Professor Sikorsky, based on considerations of an historical and anthropological character, considers the murder of Yushchinsky, in its chief and consistent characteristics—the slow draining of blood, torture, and killing of the victim—typical of a series of similar murders which have happened repeatedly in Russia and other countries. The psychological basis of this type of murder, in the opinion of Professor Sikorsky, is the “racial revenge and vendetta of the sons of Jacob.”

“The racial revenge and vendetta of the sons of Jacob.” This was a powerful new formulation. Unlike Golubev and Ambrosius, Sikorsky was no one’s avatar. In the drama of the blood accusation he had created a new role—the psychiatric explorer—and added modern elements to the myth. “The nationality which commits this horrible deed,” Professor Sikorsky concluded, “as it is scattered among other nations, brings with it the traits of its racial psychology.” Race, genetics, inherited behavior—Sikorsky renovated the myth with pseudoscientific rigor. It was a signal achievement. The Jews had committed such “horrible” deeds in the past that they had become conditioned to perform them in the future and for all time. Murder was in their blood.

Liadov now declared himself to be confident that the crime had the character of a secret ritual. Based on what he had heard from Professor Sikorsky, Ambrosius, and the pathologist, he later said, he had “formed the personal conviction that Yushchinsky was killed by Jews.” But who was the culprit?

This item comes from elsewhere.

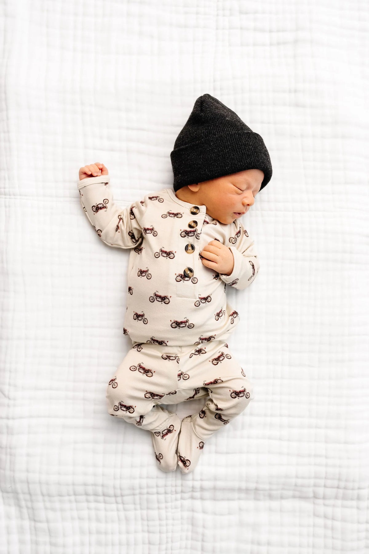 Good things come in pairs and our tops + bottoms are no exception. They’re made from our signature silky-soft material for a stretchy, comfy fit with functional buttons and fold-over waistband for room to grow (or to wear high-waisted). Say goodbye to socks that slip right off with built-in footies (on the newborn size only) to keep those tiny toes warm without the fuss. Unbelievably sweet mixing & matching approved.

Liadov began to play detective, taking an unusual interest for a high official in the investigation’s operational details. He called attention to the testimony of the boy Pavel Pushka who said Andrei would buy gunpowder from a Jew in Slobodka. According to Fenenko, Liadov instructed him “that as soon as the identity of this Jew was determined, he should be charged and placed under arrest.”

The gunpowder-selling Jew was never found, but another Jew of interest was identified. In a deposition on May 5, 1911, Golubev told investigators:

Near [the area of the cave] there is located the enormous estate of the Yid Zaitsev. The manager of that estate and of the brick factory [there] is a certain Yid Mendel … who after the discovery of Yushchinsky’s body behaved somewhat strangely, giving out candy to children and asking them not to say anything to the police.

This is the first mention in the official record of Mendel Beilis. (Beilis was not the “manager,” but the clerk of the brick factory. All the rest of the report was unsubstantiated rumor.) Questioned the following day, Golubev again mentioned “the little Jew Mendel.” He told the authorities, “My personal opinion is that the murder was probably committed either [at the Zaitsev estate] or at the Jewish hospital” adjoining the factory, though adding with unaccustomed humility, “Of course, I am not able to present proof of that.”

Golubev would now dedicate himself to providing that proof.